* _Supplied data_:
-*-*-
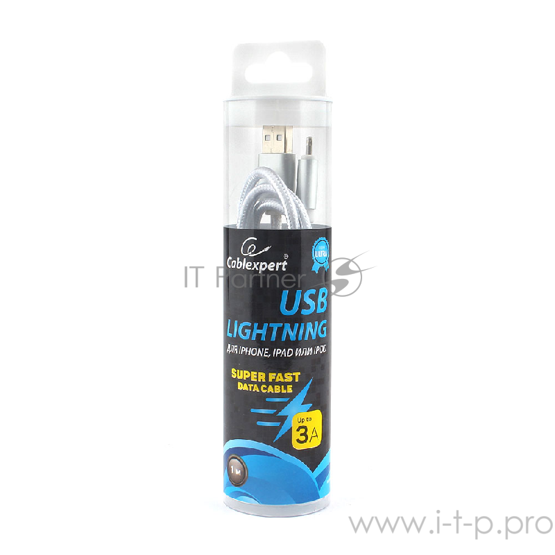 Кабель Cablexpert для Apple CC-U-APUSB02S-1M, AM/Lightning, серия Ultra, длина 1м, серебристый, блистер
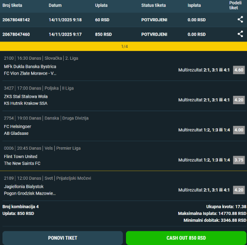 Pozdrav burazeri . 7 mečeva gde od favorita očekujem bar 2-3 gola. Young Boys 1&2+ 1.75 , Fenerbahce 1&2+ 1.90 , Genk 1&2+ 1.90 , Braga 1&2+ 1.55 , Slavia P . 2&2+ 1.40 , Roma 2&2+ 1.75 , Benfika 2&2+ 1,60 kvota tiketa 38.39 Maxbet . U manje rizičnoj varijanti tip tim 2+ (na svih 7 favorita) kvota tiketa 13.29 nešto rizičnija varijanta na profilnoj slici . Kvota tiketa 55 . Ako vam je Genk ili neki drugi favorit sumnjiv imate u ponudi M.Utd , Salcburg i sl. Jutros sam postavio profilnu sa 12 mečeva gde idem sa multi tr pa ste videli kvote i za ovih 7 mečeva. Naravno išao sam i sa 1&GG , 2&GG u par varijanti. Od ovih 7 mečeva pojurio sam Roma 2&GG 2.70 , Young Boys 1&GG 2.75 u dublu s kvotom 7.43 Ponovio dubl i pojačao sa Fener 1&GG 3.15 , Genk 1&GG 3.05 , kvota tiketa 71.34 Ovo iskombinovao i u 2 tripla . Na tip igre pobeda favorita uz 2+ očekujem prolaz . Jedan takav koji sam predlagao ubaciću u slike. Naravno tek tim 2+ je uvek manje rizično odigrati. Nadam se večeras još jednoj objavi . Valja nešto odigrati i u ligama Meksiko , Paragvaj , Kostarika itd. Za sada toliko . Ko isprati nešto od predloga sretno.
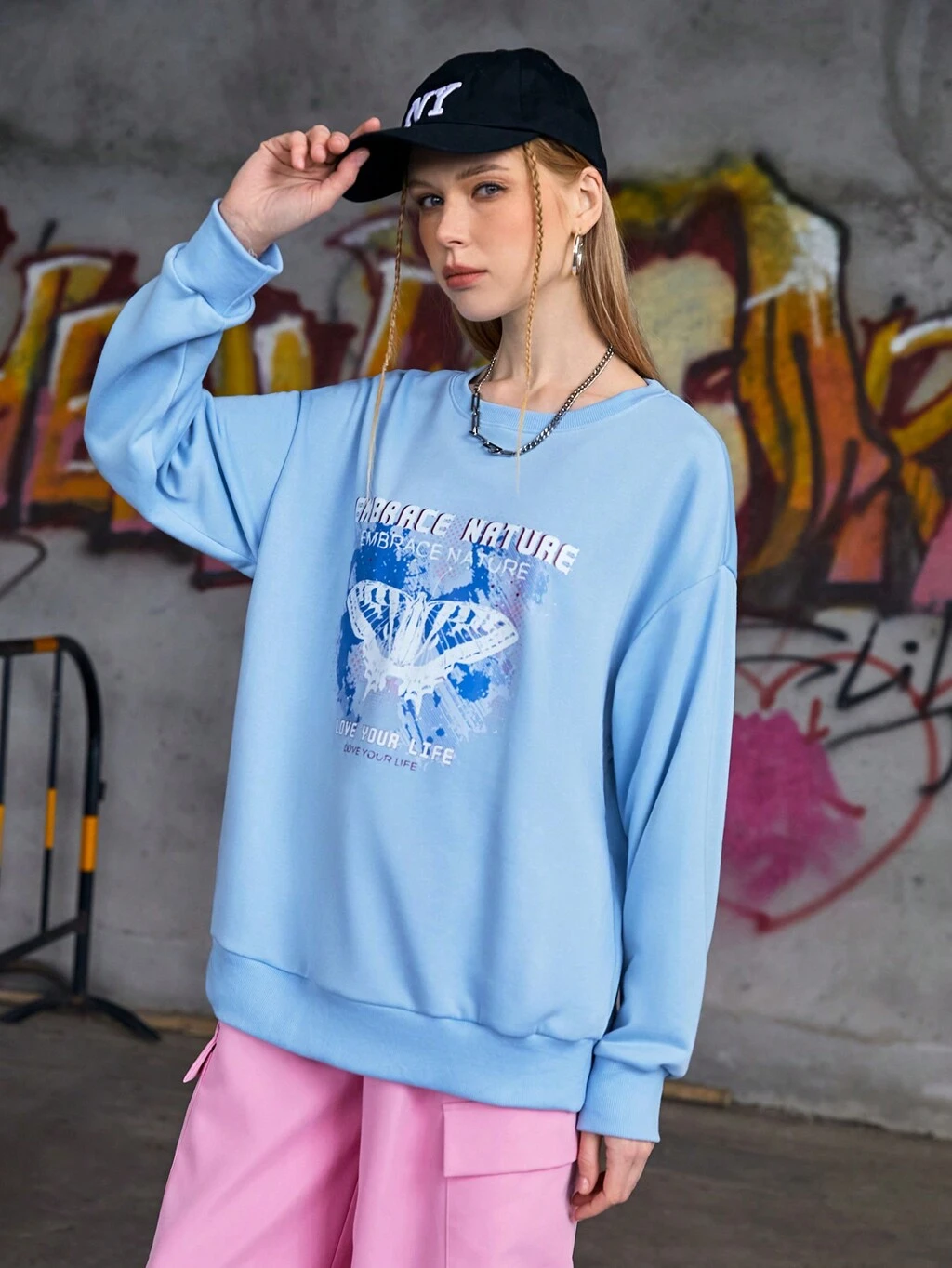 Women's Butterfly & Slogan Printed Round Neck Sports Sweatshirt
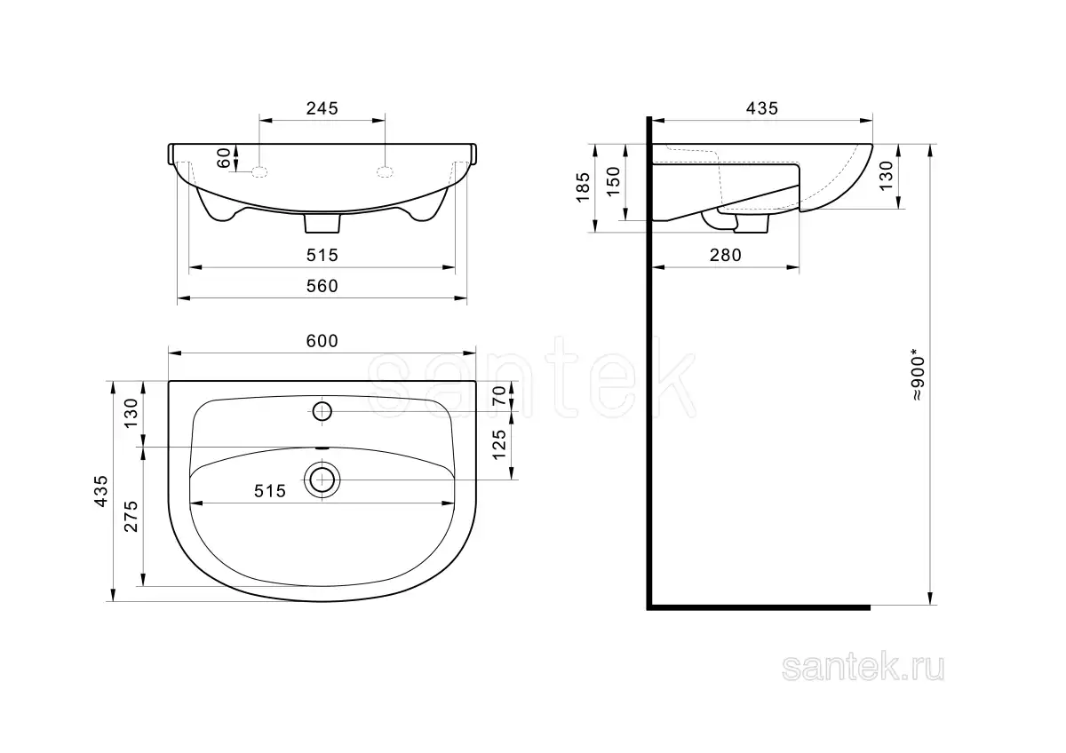 Раковина Santek Эллада 60 отверстие под смеситель 1WH110198
-*-*-
* _The task_: Omit the pictures, then retype the remaining material without a single change.

* _Written reply_:
 Кабель Cablexpert для Apple CC-U-APUSB02S-1M, AM/Lightning, серия Ultra, длина 1м, серебристый, блистер
 Pozdrav burazeri . 7 mečeva gde od favorita očekujem bar 2-3 gola. Young Boys 1&2+ 1.75 , Fenerbahce 1&2+ 1.90 , Genk 1&2+ 1.90 , Braga 1&2+ 1.55 , Slavia P . 2&2+ 1.40 , Roma 2&2+ 1.75 , Benfika 2&2+ 1,60 kvota tiketa 38.39 Maxbet . U manje rizičnoj varijanti tip tim 2+ (na svih 7 favorita) kvota tiketa 13.29 nešto rizičnija varijanta na profilnoj slici . Kvota tiketa 55 . Ako vam je Genk ili neki drugi favorit sumnjiv imate u ponudi M.Utd , Salcburg i sl. Jutros sam postavio profilnu sa 12 mečeva gde idem sa multi tr pa ste videli kvote i za ovih 7 mečeva. Naravno išao sam i sa 1&GG , 2&GG u par varijanti. Od ovih 7 mečeva pojurio sam Roma 2&GG 2.70 , Young Boys 1&GG 2.75 u dublu s kvotom 7.43 Ponovio dubl i pojačao sa Fener 1&GG 3.15 , Genk 1&GG 3.05 , kvota tiketa 71.34 Ovo iskombinovao i u 2 tripla . Na tip igre pobeda favorita uz 2+ očekujem prolaz . Jedan takav koji sam predlagao ubaciću u slike. Naravno tek tim 2+ je uvek manje rizično odigrati. Nadam se večeras još jednoj objavi . Valja nešto odigrati i u ligama Meksiko , Paragvaj , Kostarika itd. Za sada toliko . Ko isprati nešto od predloga sretno.
 Women's Butterfly & Slogan Printed Round Neck Sports Sweatshirt
 Раковина Santek Эллада 60 отверстие под смеситель 1WH110198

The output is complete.